Photocurrent density (Jph) versus effective voltage (Veff) were measured to probe the underlying cause of the observed differences in JSC. As seen in Fig. 2e, the saturation photocurrent density (Jsat) varies significantly for the four combinations with values of 20.08 mA/cm2 for PBDB-T:SN6-2Br, 11.05 mA/cm2 for PBDB-TF: SN6-2Br, 24.17 mA/cm2 for PBDB-T:BTP-2Br, and 22.27 mA/cm2 for PBDB-TF:BTP-2Br, which result in a corresponding exciton dissociation probability (Pdiss = Jph/Jsat) of 96.0%, 82.6%, 98.5% and 98.3%, respectively. The larger value of Pdiss for the BTP-2Br-based devices implies an enhanced charge generation, as well as extraction and collection [36], thus increasing the JSC.

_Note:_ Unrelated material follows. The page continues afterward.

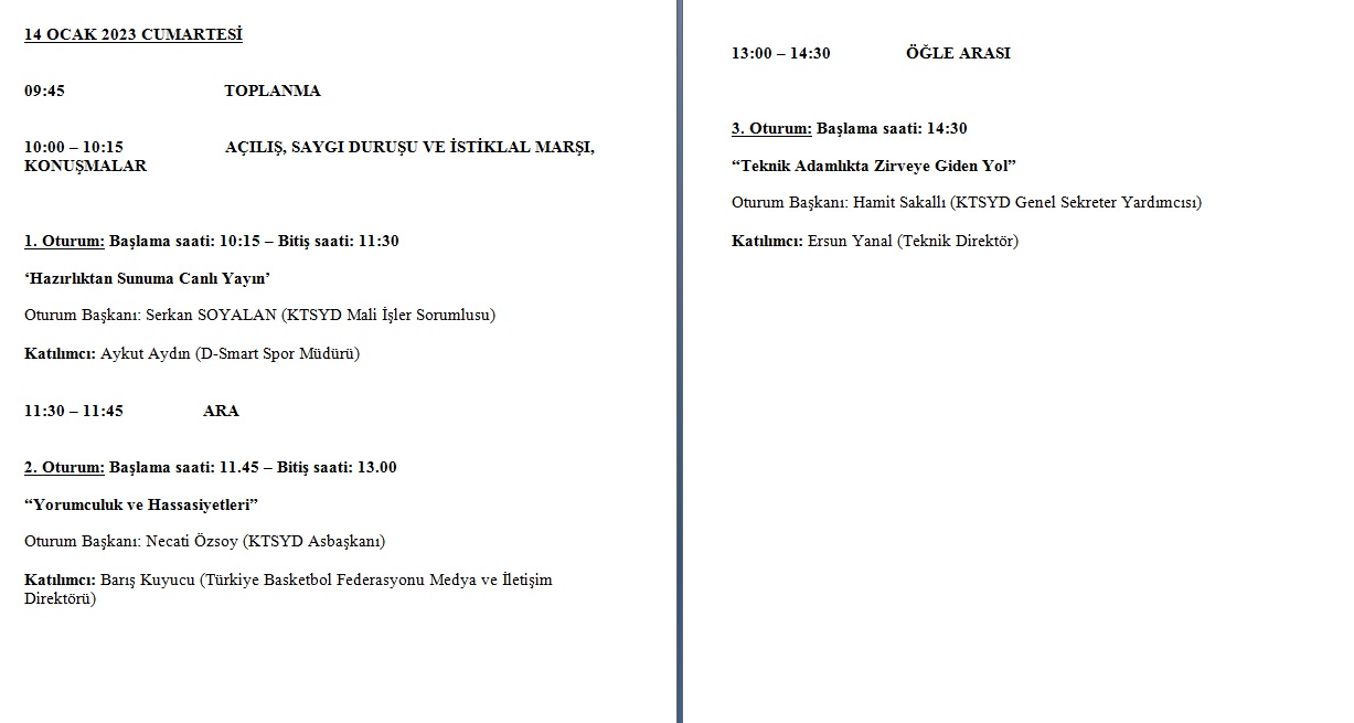 KTSYD Yönetim Kurulu üyesi Serkan Soyalan’ın oturum başkanlığı yapacağı ilk oturum saat 10.15’te başlayacak. “Hazırlıktan Sunuma Canlı Yayın” konu başlığı D-SMART Spor Müdürü Aykut Aydın tarafından üyelere aktarılacak.
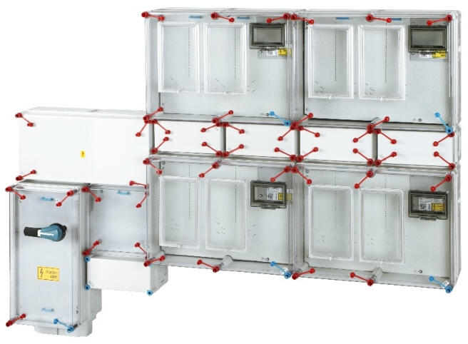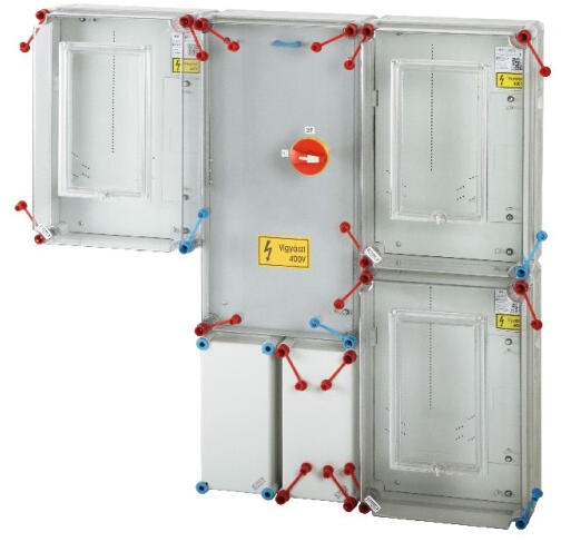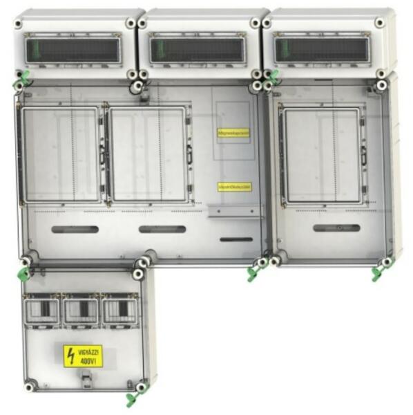 HCS431 Csoportos mérőhely, három fogyasztó részére mindennapszaki mérésre 63 A-ig, kapcsolóval és NH 00 szakaszolható biztosítóaljzattal túlfeszültség levezetőhöz előkészítve, - Műanyag szerelőlemezzel - Fedélzárás szerszámmal - Kizárólagos őrizet alá vonásra előkészítve - Kikönnyítés nélküli megerősített oldalfalakkal, ékes-csapos összeépítéshez - Be

The charge carrier mobilities of these BHJs are determined according to the space-charge-limited current (SCLC)-method. The electron mobilities (μe) and hole mobilities (μh) are shown in Table 1. It is evident that SN6-2Br based devices exhibit slightly enhanced μe and μh compared to BTP-2Br based devices, this very slightly improved charge carrier mobilities do, however, not appear to influence the FF as the FF is compatible for devices prepared from both acceptors. All device types exhibit balanced charge carrier mobilities with μe/μh ratios of 1.61, 2.07, 2.57 and 1.21 for PBDB-T/ SN6-2Br, PBDB-TF/SN6-2Br, PBDB-T/BTP-2Br and PBDB-TF/BTP-2Br, respectively. The balanced mobilities in blends contribute to the relatively high FF [37-40], such as PBDB-T:SN6-2Br and PBDB-TF: BTP-2Br based devices.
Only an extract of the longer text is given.